Apesar da decisão sobre a inconstitucionalidade da tese do marco temporal e da decisão pela inconstitucionalidade parcial da lei do genocídio indígena, ela continua em vigor, sendo aplicada por tribunais em diversas regiões do Brasil, para retroceder demarcações e delimitações feitas durante o governo Lula.
É o caso da TI Aldeia Velha, na Bahia, demarcada e já registrada em cartório, que corre o risco de sofrer despejo em dois terços do território. Afeta a TI Manoki, no Mato Grosso, que teve a demarcação corrigida, após ser constatado erro grave do Estado na demarcação anterior. Além das TIs Toldo Imbu e Morro dos Cavalos, em Santa Catarina, que correm o risco de ter a demarcação simplesmente anulada.
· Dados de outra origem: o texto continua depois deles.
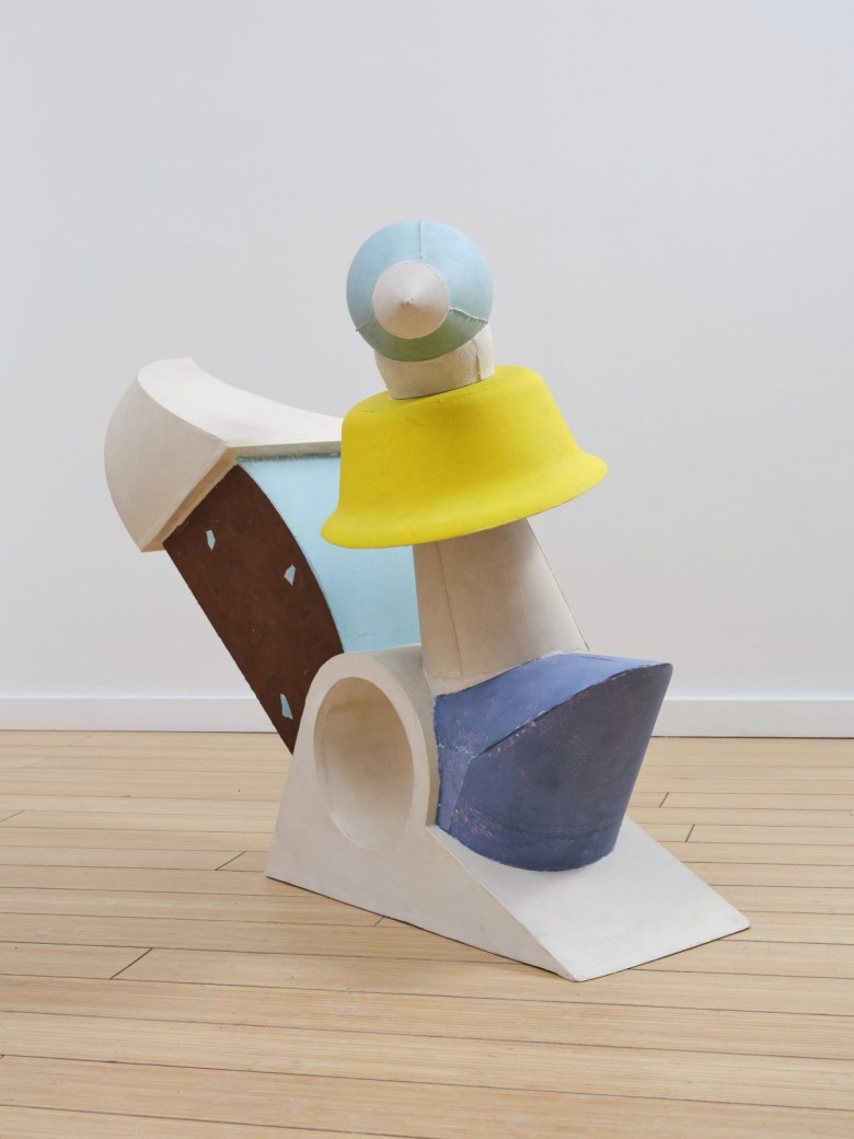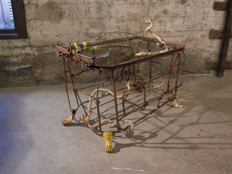 Z Behl is not afraid to go big. The first time I encountered the larger-than-life sculptures of this New York City-born-and-raised badass, I was smitten with her work. Pamela Salisbury Gallery in Hudson presents a four-story installation of recent multi-media works by the artist and her collaborator Kim Moloney (together known as BALONEY), including installation, paintings, drawings, and films. In “Artist as Coyote” (2025), Behl crafts a mythical half-human, half-animal out of cast concrete, metal, and stone; the shadows it casts are as compelling as its eccentric hunched anatomy. BALONEY’s “Harpy (3 Fates)” (2024), meanwhile, is a dynamic vision of another strange creature made from a wicker birdcage that appears on the verge of taking flight from a steel perch. And the duo’s “Fertility Tub” (2024) hints at an ulterior narrative with its surreal assemblage consisting of three snakes slithering around the empty metal frame of a tub. BALONEY’s “Portrait of the Artist as a Filmmaker” (2025) is the showstopper: Made of steel, concrete, and fabrics including lace, cheesecloth, and velvet, this elaborate harlequin character hangs down from the fourth floor and fills the open shaft of this historic carriage house with its monumental body, while Behl’s drawing “Plan for Carriage House” (2024) presents a sketch of this female trickster archetype balancing perfectly in a daring yogic position.

Os artigos permitem substituir territórios tradicionais por outras áreas, a equiparação de retomadas indígenas a invasões comuns e a adoção de critérios como o marco temporal ou listas cronológicas para demarcação.
Isso agrava disputas fundiárias e aumenta a violência contra povos indígenas, permitindo interpretações divergentes sobre demarcação, indenização, retomadas e uso de “terras alternativas”.
O STF precisa garantir que estes artigos não impeçam a efetivação das demarcações.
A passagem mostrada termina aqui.